In 2014 Plaintiffs, former au pairs, initiated litigation (the “Beltran Litigation”) in this Court on behalf of themselves and all those similarly situated, against the designated sponsor organization Defendants. (Doc. # 1.) One host family, Pamela H. Noonan and Thomas J. Noonan (“the Noonans”), was named in the First Amended Complaint. See generally (Doc. # 101.) However, Plaintiffs and the Noonans stipulated to the voluntary dismissal of the Noonans in April of 2015. (Doc. # 118.) In their operative Complaint, Plaintiffs alleged that sponsor organization Defendants (“Sponsors” or “Sponsor Defendants”) conspired and agreed to set all au pair weekly wages at the purported minimum of $195.75 per week despite applicable regulations that required au pairs receive not less than minimum wage. (Doc. # 983 at ¶¶ 76–150.) Based on these factual allegations, the Beltran Plaintiffs asserted federal

claims under the Sherman Antitrust Act, 15 U.S.C. § 1, et seq., the Racketeer Influenced and Corrupt Organizations Act (“RICO”), 18 U.S.C. § 1964, et seq., and the FLSA, as well as state law claims based on Breach of Fiduciary Duty, Negligent Misrepresentation, Constructive Fraud or Fraudulent Concealment, Consumer Protection laws, Unpaid Wages, and various state wage and hour laws. (Id. at ¶¶ 589– 648.) Although no host families were named as Defendants, the operative Complaint included factual allegations related to Named Class Plaintiff Johana Paola Beltran’s experience as an au pair sponsored by Defendant Sponsor InterExchange, Inc. and working for the Noonans. (Id. at ¶¶ 365–96.) The operative Complaint also includes factual allegations related to each of the other Named Class Plaintiffs’ experiences as au pairs sponsored by other Sponsor Defendants and working for other host families.

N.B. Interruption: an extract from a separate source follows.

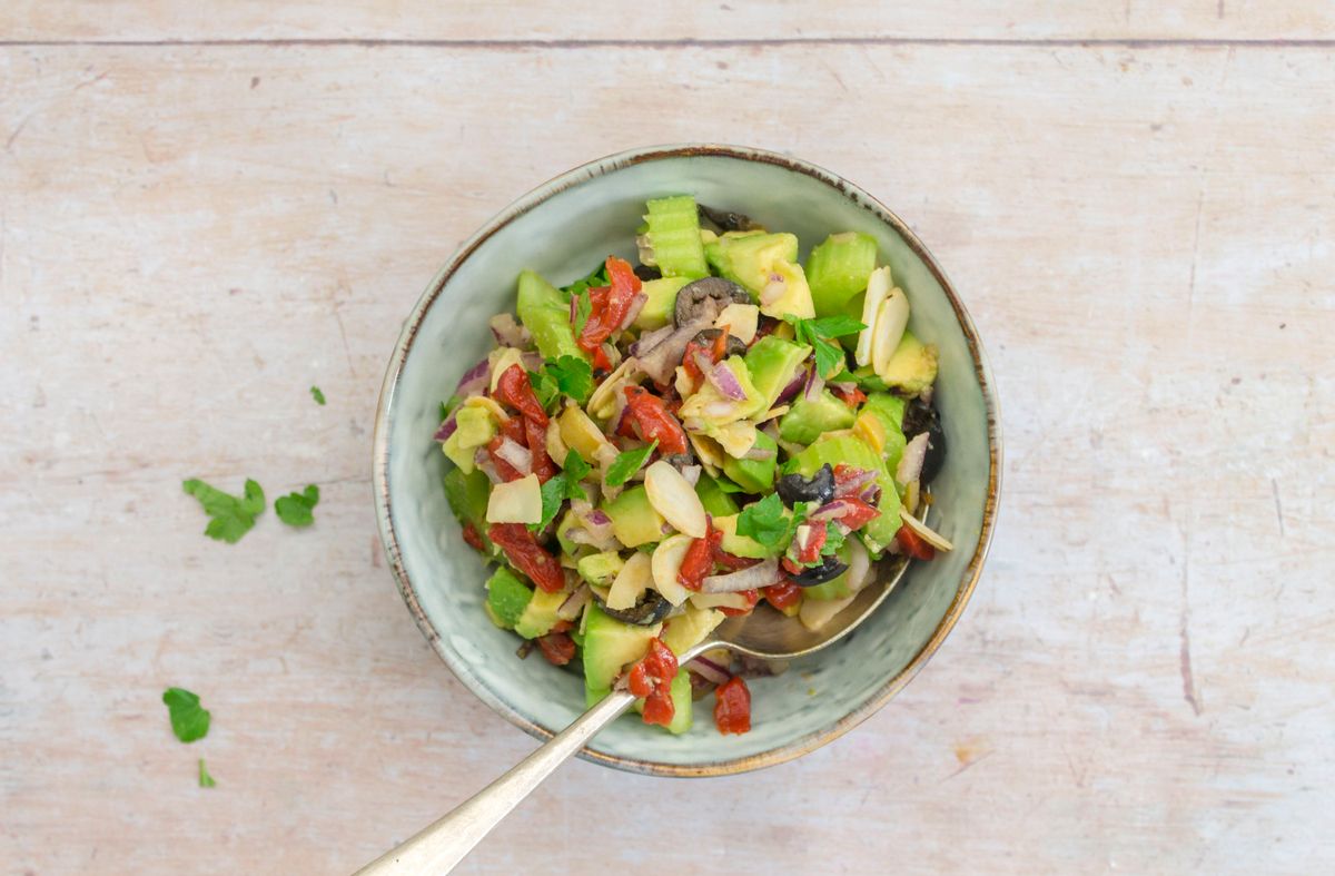 Keto Celery, Avocado, Pepper and Olive Salad

(Id. at ¶¶ 354–427.) The Complaint details allegations by each of the Named Class Plaintiffs that Sponsors required them to attend three days to a week of unpaid childcare training and host families paid them the program’s floor of $195.75 per week. (Id. at ¶¶ 376–79, 392, 404–07, 409, 412, 422–24, 427–29, 443–45, 450, 458–59, 461, 477–78, 480–81, 484, 491, 494, 504, 508–09, 515, 517, 522, 524, 529–34, 538.) For Ms. Beltran and seven other Named Class Plaintiffs, the Complaint also makes factual allegations regarding abuses by host families including, requiring au pairs to do housework beyond the limitations of the program, requiring au pairs to work more than the 45 hour-limitation imposed, limiting their meals or access to food, isolating them, and verbally attacking and threatening them. (Id. at ¶¶ 386–92, 430, 447, 464–66, 482,

495, 502–03, 525.) In June 2017 and February 2018, this Court granted the Beltran Plaintiffs collective actions status for purposes of the FLSA, and class action status pursuant to Federal Rule of Civil Procedure 23, respectively. (Docs. ## 569, 828.) The Court established 18 classes and subclasses including the “Antitrust Class,” defined as “[a]ll persons sponsored by any [Sponsor] Defendant to work as a standard au pair in the United States pursuant to a J-1 Visa,” the “RICO Class,” comprised of “[a]ll persons sponsored by [Sponsor] Defendants Au Pair Care in America (American Institute for Foreign Study), AuPairCare, Inc., Cultural Care, Inc. or InterExchange, Inc., to work as a standard au pair in the United States pursuant to a J-1 Visa,” and 16 State/Sponsor subclasses. (Doc. # 828 at 34–37.) The parties ultimately settled. Sponsor Defendants agreed to pay $65.5 million to

be distributed to participating class members with allocations based on federal minimum wage—including overtime pay, and additional amounts if au pairs worked in states with a higher minimum wage. (Doc. # 1189 at 3, 7–9.) “In exchange, the Classes are providing releases to the [Sponsor] Defendants and to host families. . . . The [Sponsor] Defendants will receive a standard general release. . . . The host families will receive a narrower release tailored to the claims asserted in the litigation.” (Id. at 7.) On January 23, 2019, this Court granted preliminary approval of the settlement and approved the notice to class members. (Doc.